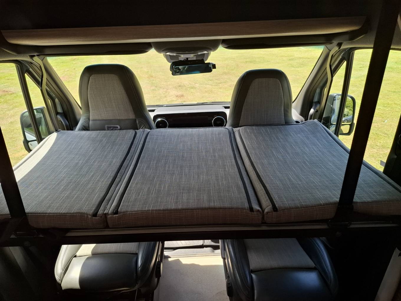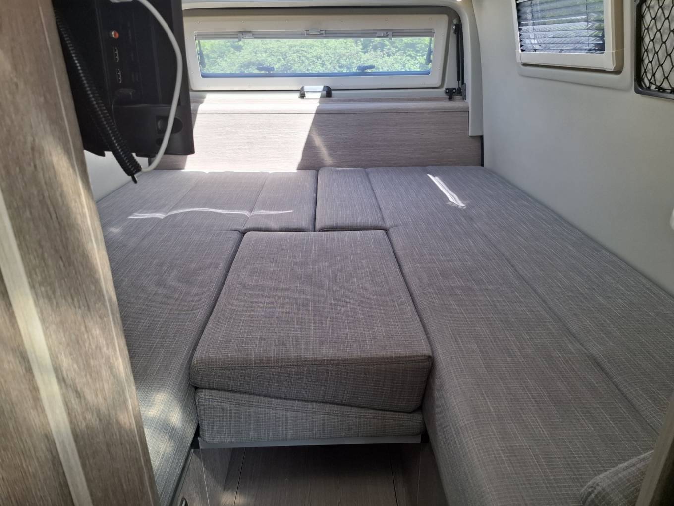 Stowed above the cab is an innovative fold out suspended single berth suitable for a child.
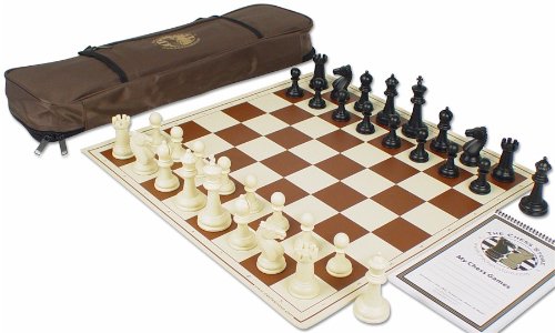 This complete tournament chess set kit includes our Guardian Plastic Chess Set, Rollup Chess Board, Deluxe Chess Bag, and Score Book. Our Guardian plastic chess set blends a contemporary and unique knight with other pieces that are traditional Staunton design. This triple weighted chess set has a 4" king and an extra wide base that measure 1.75". The heavy weighting in the base makes a low center of gravity giving pieces a great feel and stability. This chess set has become a favorite for both kids and adults.
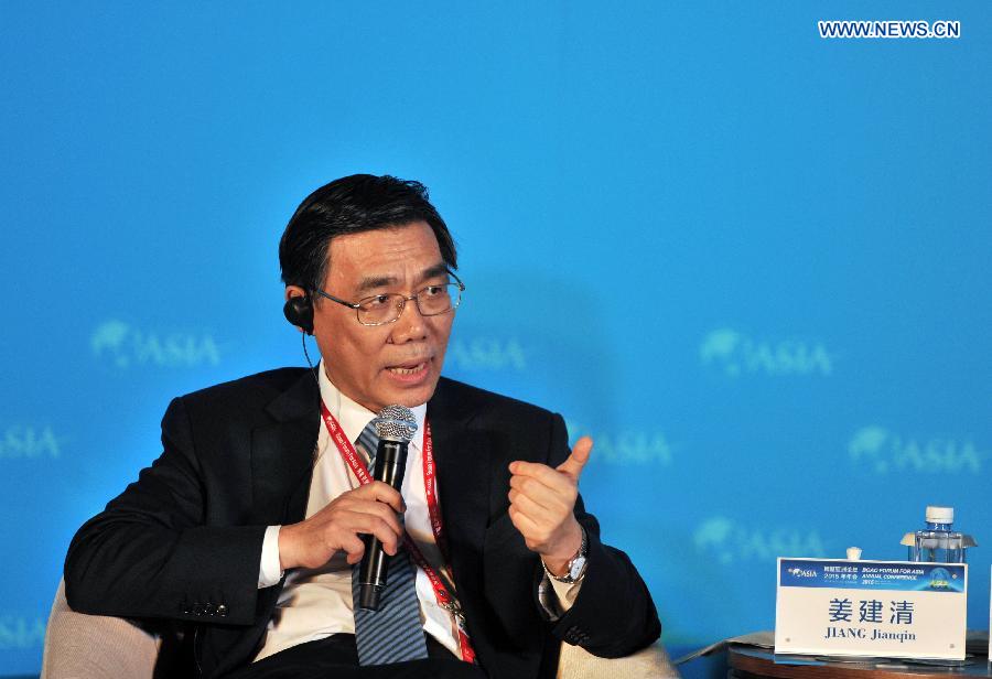 | Jiang Jianqing, chairman of Industrial and Commercial Bank of China, speaks at a sub-forum with the theme of "The Next Financial Crisis" during the 2015 Boao Forum for Asia (BFA) in Boao, south China's Hainan Province, March 28, 2015. (Xinhua/Yang Guanyu) |
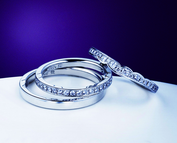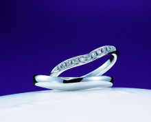 細く連なるメレダイアモンドは、可憐な女性の指によく映えます。
··········
Assignment :: When you restate the listing, keep every word as it is and drop the pictures.

Completed task ::
 Stowed above the cab is an innovative fold out suspended single berth suitable for a child.
 This complete tournament chess set kit includes our Guardian Plastic Chess Set, Rollup Chess Board, Deluxe Chess Bag, and Score Book. Our Guardian plastic chess set blends a contemporary and unique knight with other pieces that are traditional Staunton design. This triple weighted chess set has a 4" king and an extra wide base that measure 1.75". The heavy weighting in the base makes a low center of gravity giving pieces a great feel and stability. This chess set has become a favorite for both kids and adults.
 | Jiang Jianqing, chairman of Industrial and Commercial Bank of China, speaks at a sub-forum with the theme of "The Next Financial Crisis" during the 2015 Boao Forum for Asia (BFA) in Boao, south China's Hainan Province, March 28, 2015. (Xinhua/Yang Guanyu) |
 細く連なるメレダイアモンドは、可憐な女性の指によく映えます。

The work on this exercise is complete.